Top of TASK MATERIAL
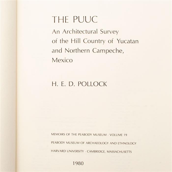 POLLOCK, H. E. D. THE PUUC. AN ARCHITECTURAL SURVEY OF THE HILL COUNTRY OF YUCATAN AND NORTHERN CAMPECHE, MEXICO. CAMBRIDGE, MASSACHUSETTS: HARVARD UNIVERSITY, 1980.
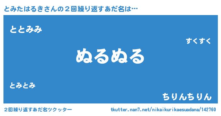| 男性向けラノベタイトル風あだ名 | 『とみたはるきの嫁は女の子じゃないと思った?』 |
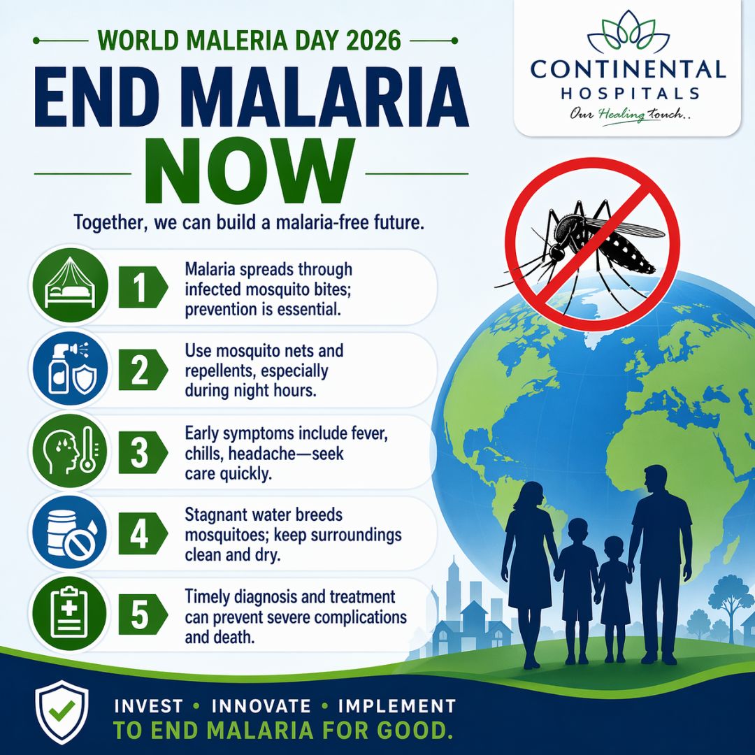 The fight against malaria is one of the most significant public health challenges of our era. Every year, World Malaria Day serves as a critical reminder of the collective effort required to eliminate this life-threatening disease. As we observe World Malaria Day 2026, the global community stands at a pivotal juncture. This year, the theme is Driven to End Malaria: Now We Can. Now We Must underscores the urgency and the tangible possibility of a malaria-free world. At Continental Hospitals, we are committed to being at the forefront of this battle, providing world-class care and driving awareness to protect our community.
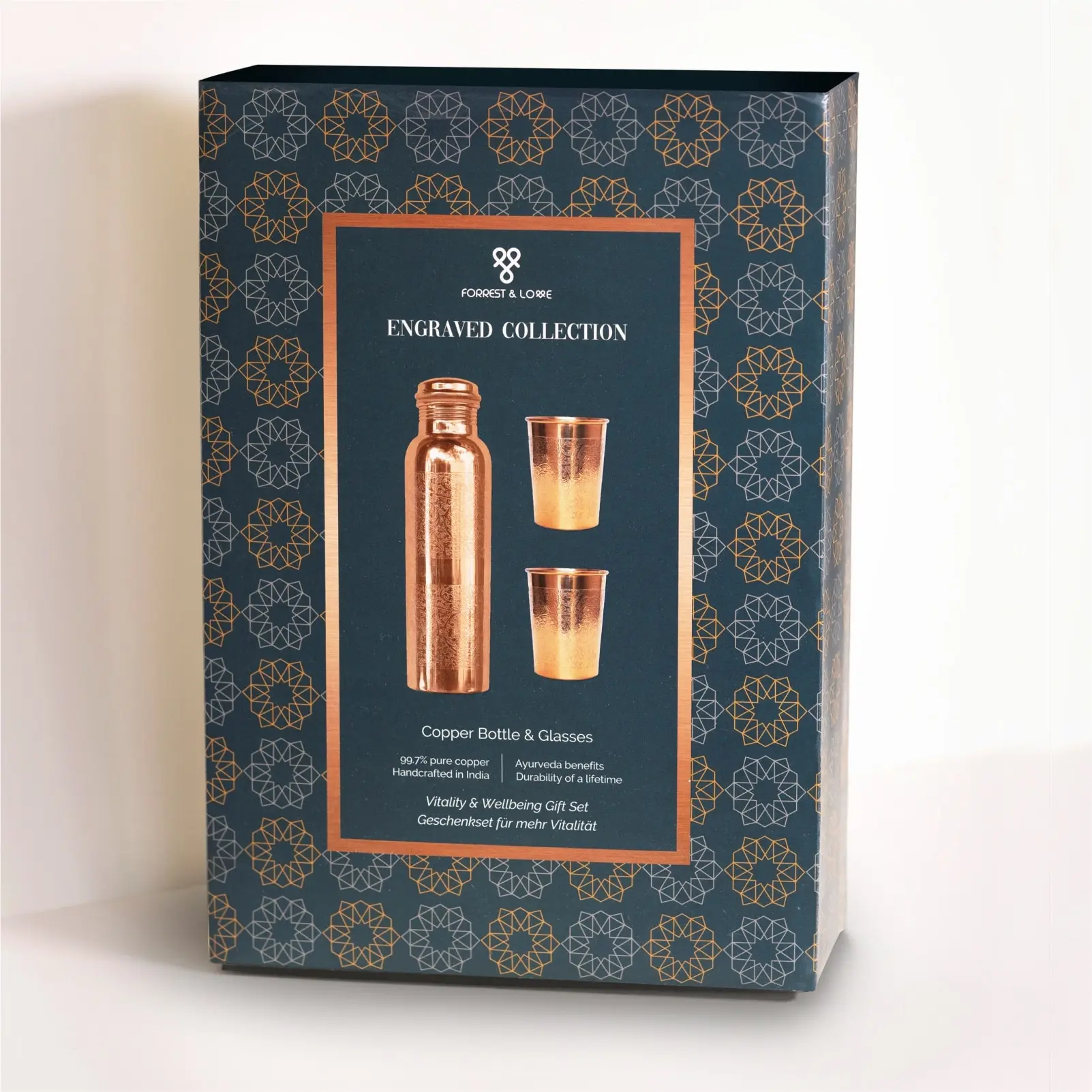 Оригинальное изделие немецкого бренда FORREST&LOVE. Подарочный набор с гравировкой станет идеальным подарком для тех, кто ценит царственную красоту, восточный колорит и величественное искусство.
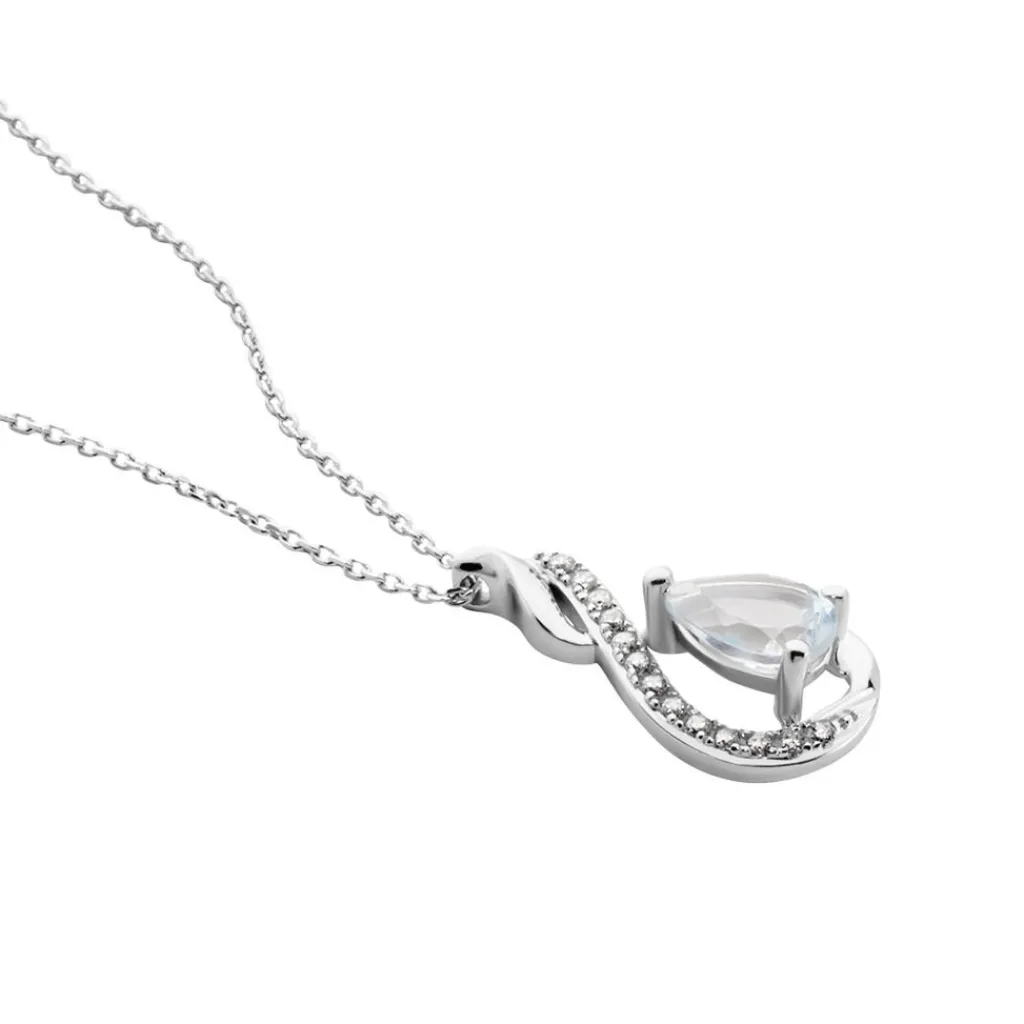 Collier Or Blanc 375/1000 Forme Goutte Topaze Et Oxydes De Zirconium Maille Forçat 38+4cm
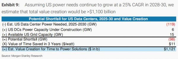 如果在2028年美国电力接入方面有约45GW的缺口,根据摩根士丹利分析,3年的时间优势价值约11美元/Kw,那么“时间供电”解决方案提供商能够产生约5000亿美元的价值。
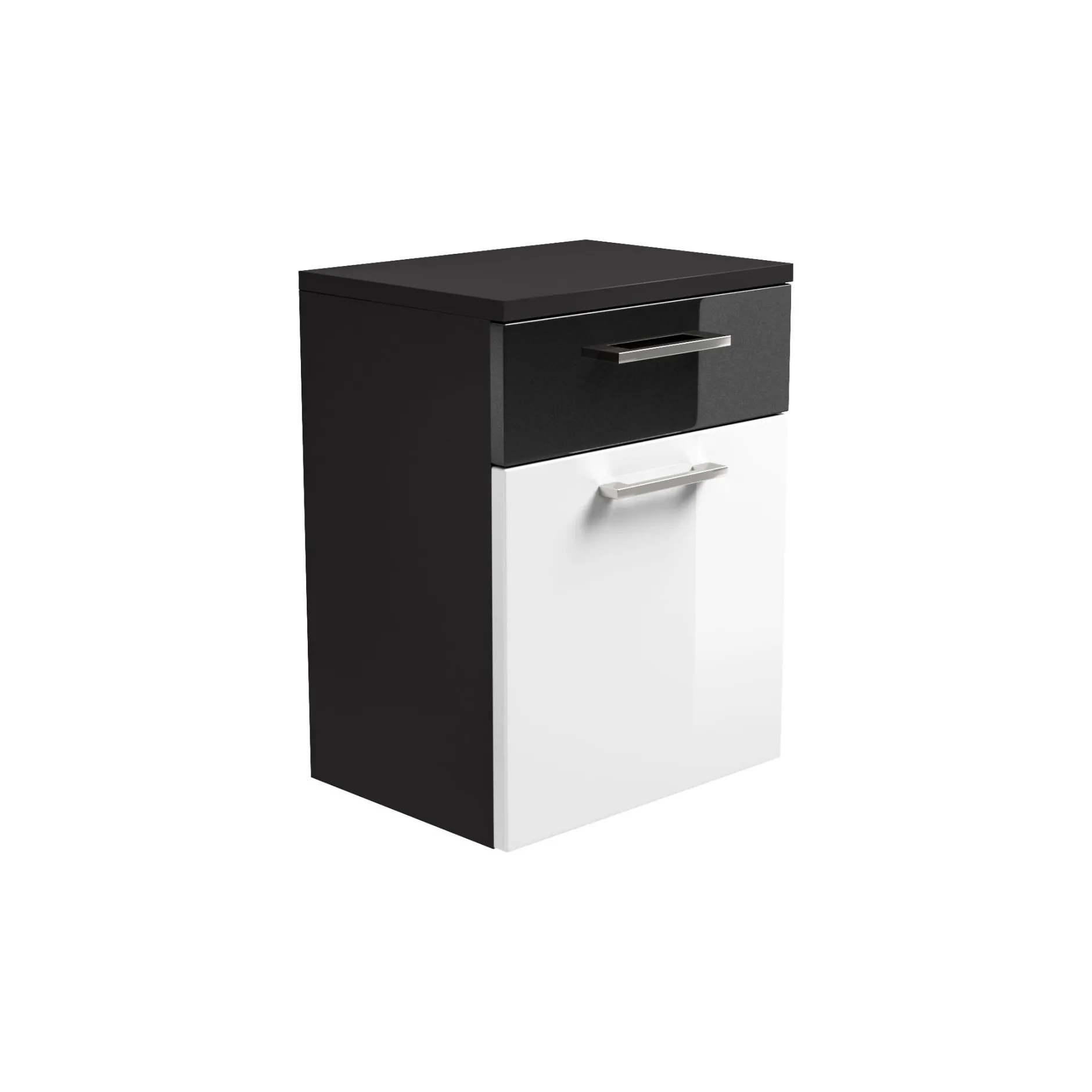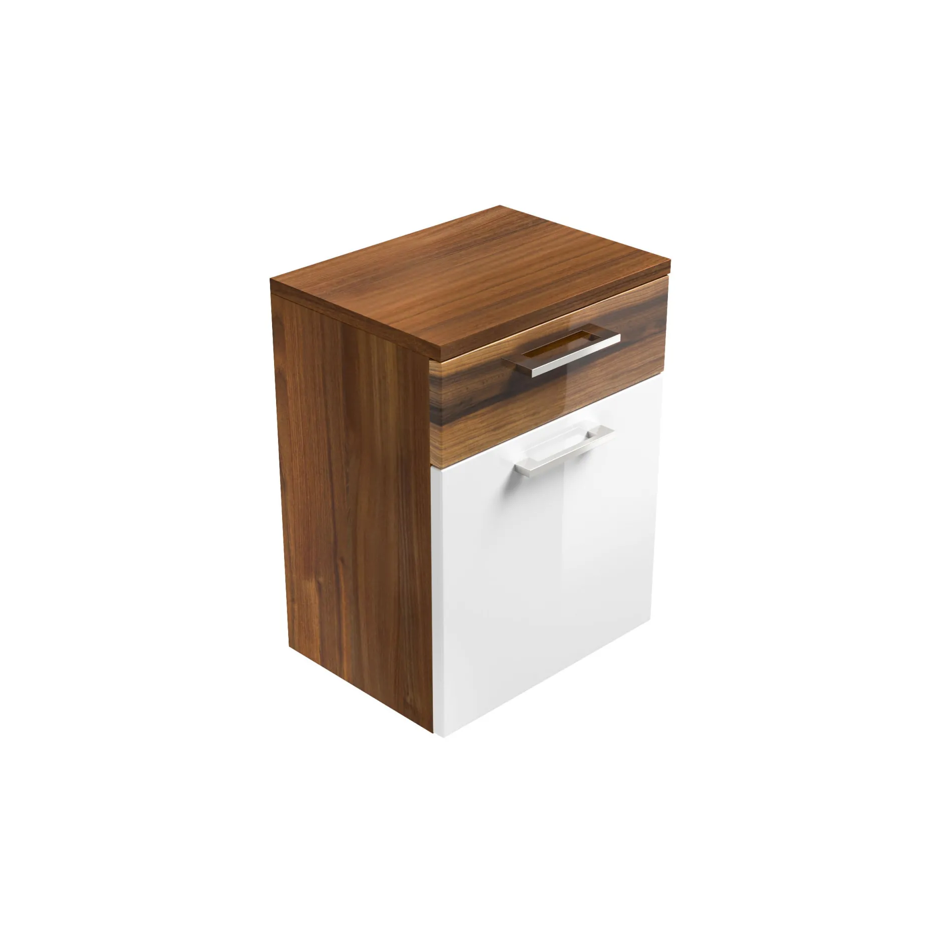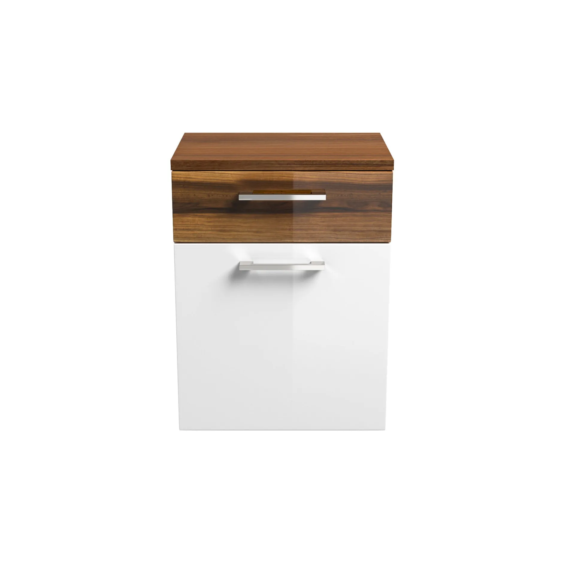 Deze stijlvolle badkamerkast heeft hoogglans spaanplaat-fronten gecombineerd met metalen hangrepen. Geruisloze sluiting van deuren, laden en kleppen dankzij het soft-close systeem. Gemakkelijk te plaatsen naast het bad meubel voor extra opbergruimte. Achter de klep voldoende opbergruimte voor schone handdoeken. Door zijn melamine afwerking is deze badkamerkast beter schoon te houden en langer beschermd tegen stof en vuil. Gemakkelijk te monteren door middel van bijgeleverde montagehandleiding. Bekijk ook de andere elementen uit deze serie!
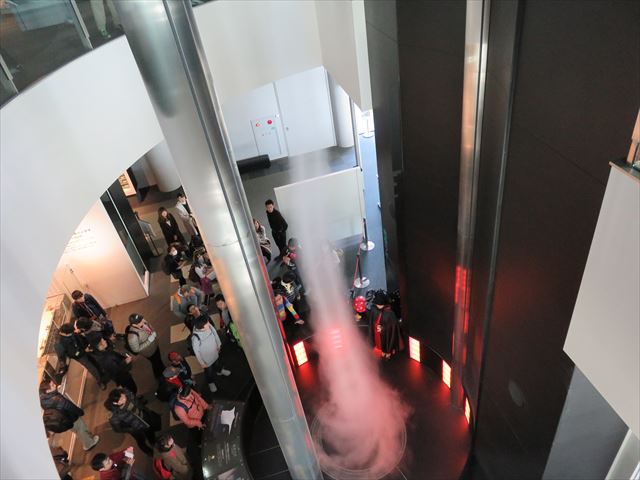 -30℃の世界を体感できる極寒ラボ、2基のテスラコイルから放たれる電気火花の爆音を体感できる放電ラボ、高さ9メートルに及ぶ人工竜巻を観察できる竜巻ラボなどの大型展示に加え、触って楽しめる小型展示も充実しており、平日にもかかわらず多くの小中学生で賑わっていた。日常生活において、小中学生の集団を物理的に近距離で感じられる機会は皆無に近いため、少なからず高揚したことは言うまでも無い。結構な穴場と思われる。
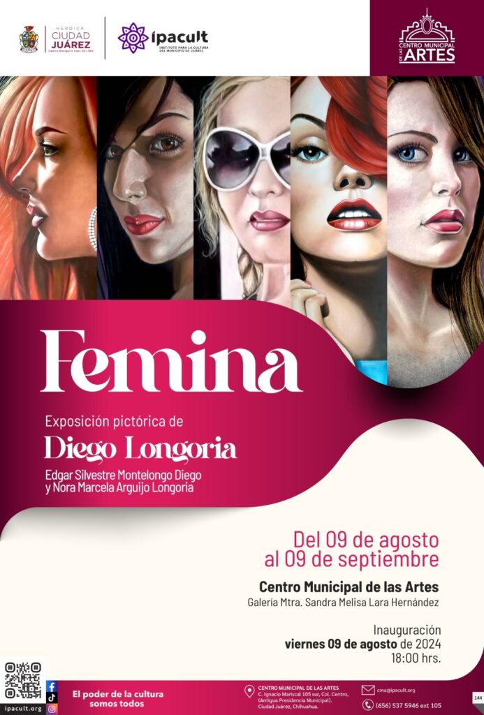 CD. JUAREZ, CHIH.- El Instituto para la Cultura del Municipio de Juárez (IPACULT) invita a la ciudadanía a disfrutar de la exposición pictórica “Fémina” de la artista Nora Marcela Arguijo Longoria, en honor a Edgar Silvestre Montelongo Diego, la cual se exhibirá en la galería «Melisa Lara Hernández» del Centro Municipal de las Artes (CMA).
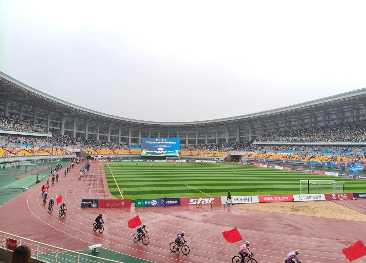 聊城1∶0赢了,8176人站着吼,雨没下透,草皮却热得冒汗。 9号王宇轩,鲁能青训出来的愣小子,一脚捅穿了滨州的防线,赛季第五球,射手榜第一,没庆祝,跑回中圈,像赶早市的小伙儿——赢了,还得接着干。 中场20个娃骑平衡车绕场,雨衣上印着“好运山东”,大屏一扫,62万消费券立马没了影儿。 没人喊口号,但没人不掏钱。 足球不是表演,是让大人小孩、卖煎饼的、开网约车的,都愿意蹲在看台上,淋着小雨,一起喊。 李金羽在济南和老球迷合影,当年那脚弯弓射大雕,现在成了教练,带辽宁冲超。 他没提过去,只说“节日愉快”。 可全场球迷都知道——有些东西,没变。 不是球技,是人心里那团火,还烧着。
Bottom of TASK MATERIAL
◆ DESCRIPTION OF THE TASK: Pictures are to be left out; the lines from the start of the records above through the line holding "男性向けラノベタイトル風あだ名 | 『とみたはるきの嫁は女の子じゃないと思った?』 |" are to be returned exactly.

◆ WRITTEN RESPONSE:
 POLLOCK, H. E. D. THE PUUC. AN ARCHITECTURAL SURVEY OF THE HILL COUNTRY OF YUCATAN AND NORTHERN CAMPECHE, MEXICO. CAMBRIDGE, MASSACHUSETTS: HARVARD UNIVERSITY, 1980.
| 男性向けラノベタイトル風あだ名 | 『とみたはるきの嫁は女の子じゃないと思った?』 |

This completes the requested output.